The above vectors are numeric, but vectors can be other classes, like character:
c("a", "b")
## [1] "a" "b"
Sequences of dates are also possible, using Date classes:
seq(as.Date("1999/1/1"), as.Date("1999/3/5"), "week")
## [1] "1999-01-01" "1999-01-08" "1999-01-15" "1999-01-22" "1999-01-29"
## [6] "1999-02-05" "1999-02-12" "1999-02-19" "1999-02-26" "1999-03-05"
seq(as.Date("1999/1/1"), as.Date("1999/3/5"), "day")
## [1] "1999-01-01" "1999-01-02" "1999-01-03" "1999-01-04" "1999-01-05"

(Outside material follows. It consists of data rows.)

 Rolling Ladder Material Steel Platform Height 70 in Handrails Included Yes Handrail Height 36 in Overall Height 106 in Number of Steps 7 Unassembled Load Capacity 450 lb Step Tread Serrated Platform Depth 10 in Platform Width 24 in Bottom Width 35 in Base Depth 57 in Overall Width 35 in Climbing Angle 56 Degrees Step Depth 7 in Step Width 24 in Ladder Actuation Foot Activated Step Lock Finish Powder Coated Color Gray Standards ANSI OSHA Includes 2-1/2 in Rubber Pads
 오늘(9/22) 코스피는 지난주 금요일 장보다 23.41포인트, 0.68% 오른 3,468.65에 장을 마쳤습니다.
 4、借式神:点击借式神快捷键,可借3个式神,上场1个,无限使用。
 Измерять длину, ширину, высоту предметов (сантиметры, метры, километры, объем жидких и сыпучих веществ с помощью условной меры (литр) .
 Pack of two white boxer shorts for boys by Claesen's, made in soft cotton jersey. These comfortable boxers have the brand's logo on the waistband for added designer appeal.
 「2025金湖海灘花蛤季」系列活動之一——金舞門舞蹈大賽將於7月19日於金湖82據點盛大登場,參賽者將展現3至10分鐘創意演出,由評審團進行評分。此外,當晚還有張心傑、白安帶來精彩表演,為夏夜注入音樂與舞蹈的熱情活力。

## [6] "1999-01-06" "1999-01-07" "1999-01-08" "1999-01-09" "1999-01-10"
## [11] "1999-01-11" "1999-01-12" "1999-01-13" "1999-01-14" "1999-01-15"
## [16] "1999-01-16" "1999-01-17" "1999-01-18" "1999-01-19" "1999-01-20"

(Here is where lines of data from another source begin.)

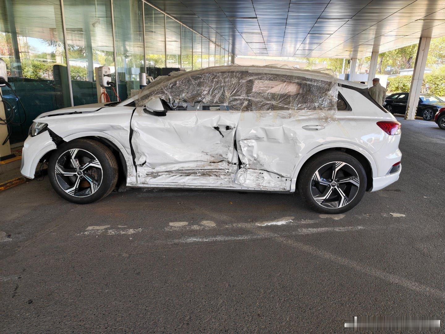 这台奥迪q4e-tron 被接近100时速的侧面撞击(口述,不保真)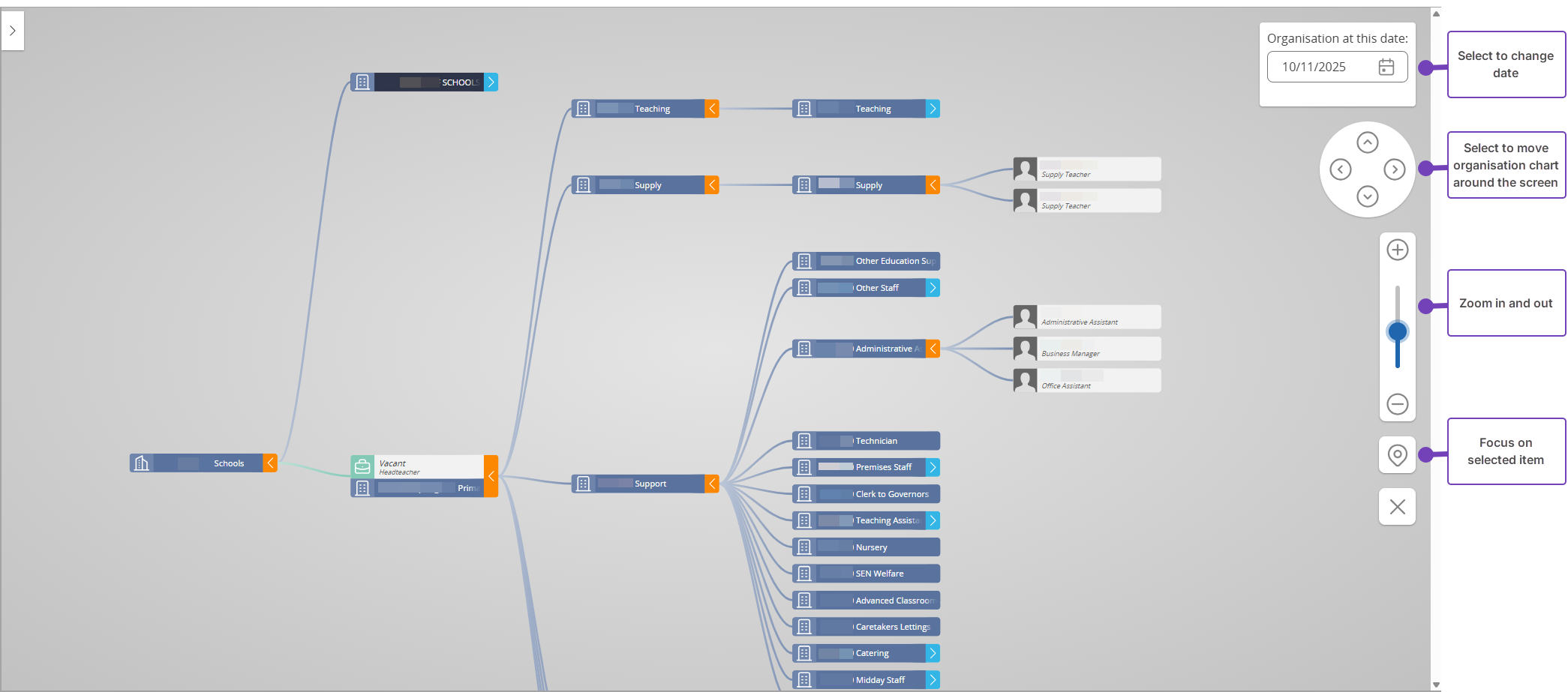 - Use the controls to the right of the screen to navigate around the organisation chart.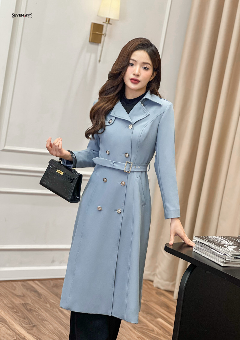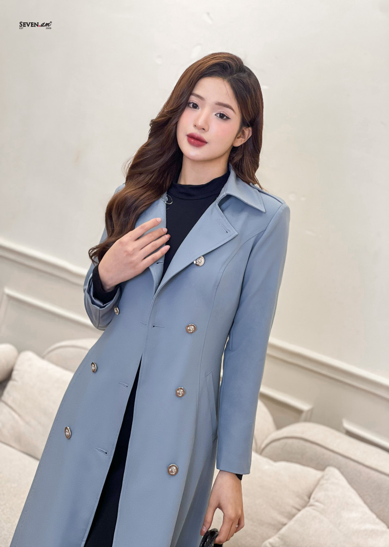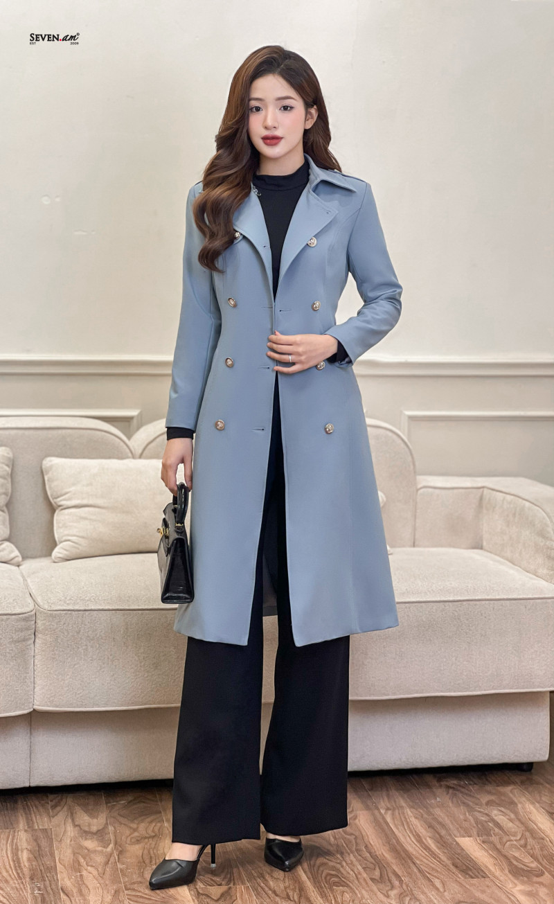 SKU: Áo khoác dài xanh ngọc cổ đức 2 hàng cúc đai dời seven.am+s+xanhblue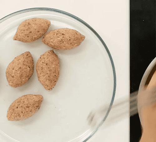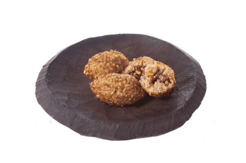 Смоченными в холодной воде руками взять тесто из булгура объемом с яйцо, скатать из него шар, затем пальцем продавить в нем углубление. Положить в углубление начинку, аккуратно закрыть отверстие и придать пирожку форму с вытянутыми концами, напоминающую лимон.

## [21] "1999-01-21" "1999-01-22" "1999-01-23" "1999-01-24" "1999-01-25"
## [26] "1999-01-26" "1999-01-27" "1999-01-28" "1999-01-29" "1999-01-30"
## [31] "1999-01-31" "1999-02-01" "1999-02-02" "1999-02-03" "1999-02-04"
## [36] "1999-02-05" "1999-02-06" "1999-02-07" "1999-02-08" "1999-02-09"
## [41] "1999-02-10" "1999-02-11" "1999-02-12" "1999-02-13" "1999-02-14"
## [46] "1999-02-15" "1999-02-16" "1999-02-17" "1999-02-18" "1999-02-19"
## [51] "1999-02-20" "1999-02-21" "1999-02-22" "1999-02-23" "1999-02-24"
## [56] "1999-02-25" "1999-02-26" "1999-02-27" "1999-02-28" "1999-03-01"
## [61] "1999-03-02" "1999-03-03" "1999-03-04" "1999-03-05"
But vectors can only have one class, so elements will be coerced, such that:
c(1, 2, "c")
## [1] "1" "2" "c"
produces a character vector
We can create vectors of different classes using the appropriate functions:
(1) The function numeric
produces numeric vectors:
numeric()
## numeric(0)
The result is an empty numeric vector. If we supply a length
parameter:
numeric(length = 10)
## [1] 0 0 0 0 0 0 0 0 0 0
The result is a vector of zeroes.
(2) The function character
produces an empty character vector:
character()
## character(0)
We can again supply a length
argument to produce a vector of empty chracter strings:
character(length = 10)
## [1] "" "" "" "" "" "" "" "" "" ""
(3) The function logical
produces an empty logical vector:
logical()
## logical(0)
Or, with a length
parameter, a vector of FALSE values:
logical(length = 10)
## [1] FALSE FALSE FALSE FALSE FALSE FALSE FALSE FALSE FALSE FALSE
These functions may seem kind of pointless right now. But they are useful in large projects.
Filling in the values of a vector “initialized” (e.g., with numeric
, character
, or logical
) is much faster than building a vector with c()
.
This is hard to observe at this scale (a few elements) but matters with bigger data.